**EXERCISE AIM:**
Transcribe the records below word for word, leaving every picture out.

Source records:
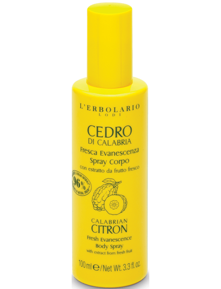 Іскриста фруктова лінія, яка підкреслює найкраще, що може запропонувати цей середземноморський цитрусовий фрукт. Наші лабораторії отримали два дорогоцінні активні інгредієнти зі свіжого кедра для краси шкіри та волосся : парфумований екстракт із тонізуючою силою та освіжаючу та пом’якшувальну ароматну воду. Цитрусові, які використовуються в нашій косметиці, походять від Consorzio del Cedro di Calabria , організації, яка сприяє вирощуванню кедра в Санта-Марія-дель-Чедро, італійському місті, відомому збиранням фруктів.
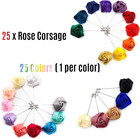 25pcs Men's Lapel Pins Satin Flower Boutonniere Pin Rose Flower Brooch Fro Suits
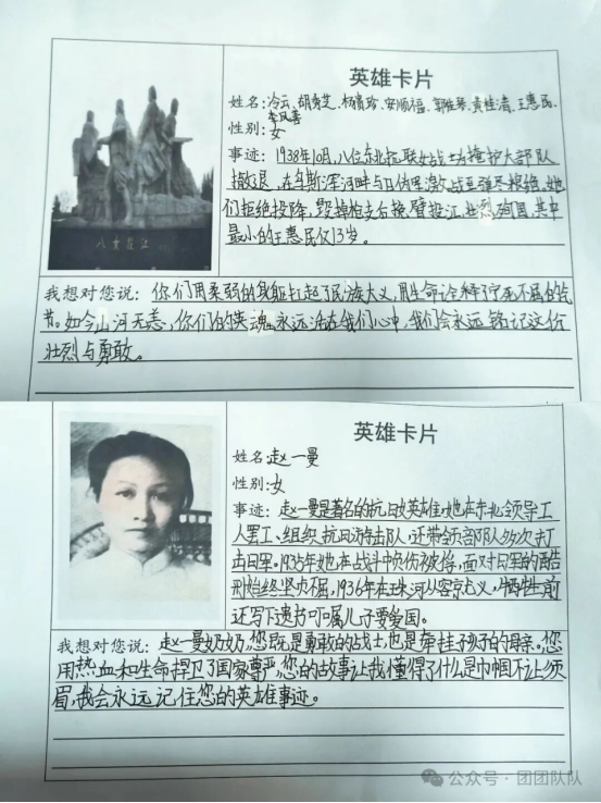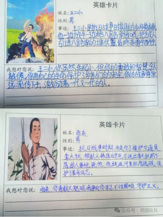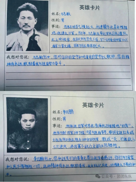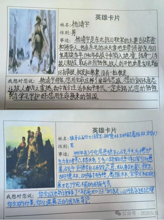 五年级队员制作抗日英雄卡,一张张英雄卡,记录着抗日英烈的英勇事迹,也让学生在搜集、制作的过程中,深刻感悟英雄精神的力量,树立向英雄学习的远大志向。
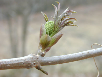 | 芽は対に発生するが、一対ずつ時間差を置いて発芽しいてるように思われる。発芽時期の早い植物なので、霜で一対の芽がだめになっても後発の芽が、カバーする仕組みなのか? | |
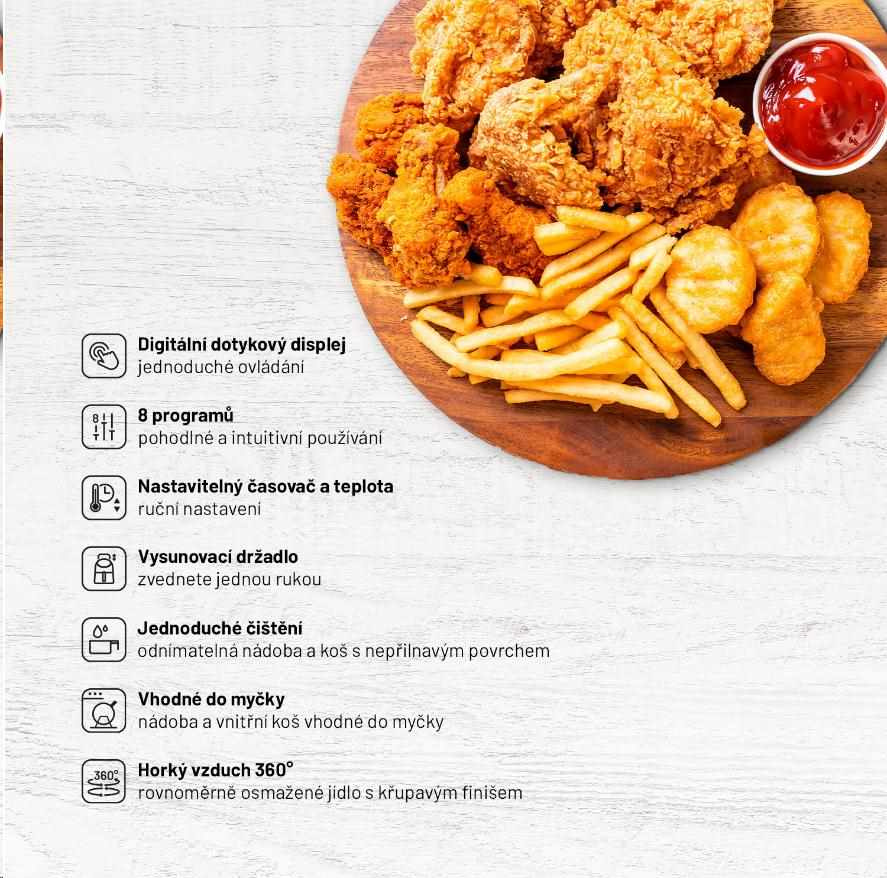 Smažte s čistým svědomímVíte, co většinu z nás napadne jako první, když se řekne smažené jídlo? Dieta. Bývá totiž téměř výhradně nezdravé. Pokud ale přidáte do této rovnice horkovzdušnou fritézu Lauben, můžete si na svých oblíbených křupavých pokrmech pochutnat s čistým svědomím.

**FINISHED EXERCISE:**
 Іскриста фруктова лінія, яка підкреслює найкраще, що може запропонувати цей середземноморський цитрусовий фрукт. Наші лабораторії отримали два дорогоцінні активні інгредієнти зі свіжого кедра для краси шкіри та волосся : парфумований екстракт із тонізуючою силою та освіжаючу та пом’якшувальну ароматну воду. Цитрусові, які використовуються в нашій косметиці, походять від Consorzio del Cedro di Calabria , організації, яка сприяє вирощуванню кедра в Санта-Марія-дель-Чедро, італійському місті, відомому збиранням фруктів.
 25pcs Men's Lapel Pins Satin Flower Boutonniere Pin Rose Flower Brooch Fro Suits
 五年级队员制作抗日英雄卡,一张张英雄卡,记录着抗日英烈的英勇事迹,也让学生在搜集、制作的过程中,深刻感悟英雄精神的力量,树立向英雄学习的远大志向。
 | 芽は対に発生するが、一対ずつ時間差を置いて発芽しいてるように思われる。発芽時期の早い植物なので、霜で一対の芽がだめになっても後発の芽が、カバーする仕組みなのか? | |
 Smažte s čistým svědomímVíte, co většinu z nás napadne jako první, když se řekne smažené jídlo? Dieta. Bývá totiž téměř výhradně nezdravé. Pokud ale přidáte do této rovnice horkovzdušnou fritézu Lauben, můžete si na svých oblíbených křupavých pokrmech pochutnat s čistým svědomím.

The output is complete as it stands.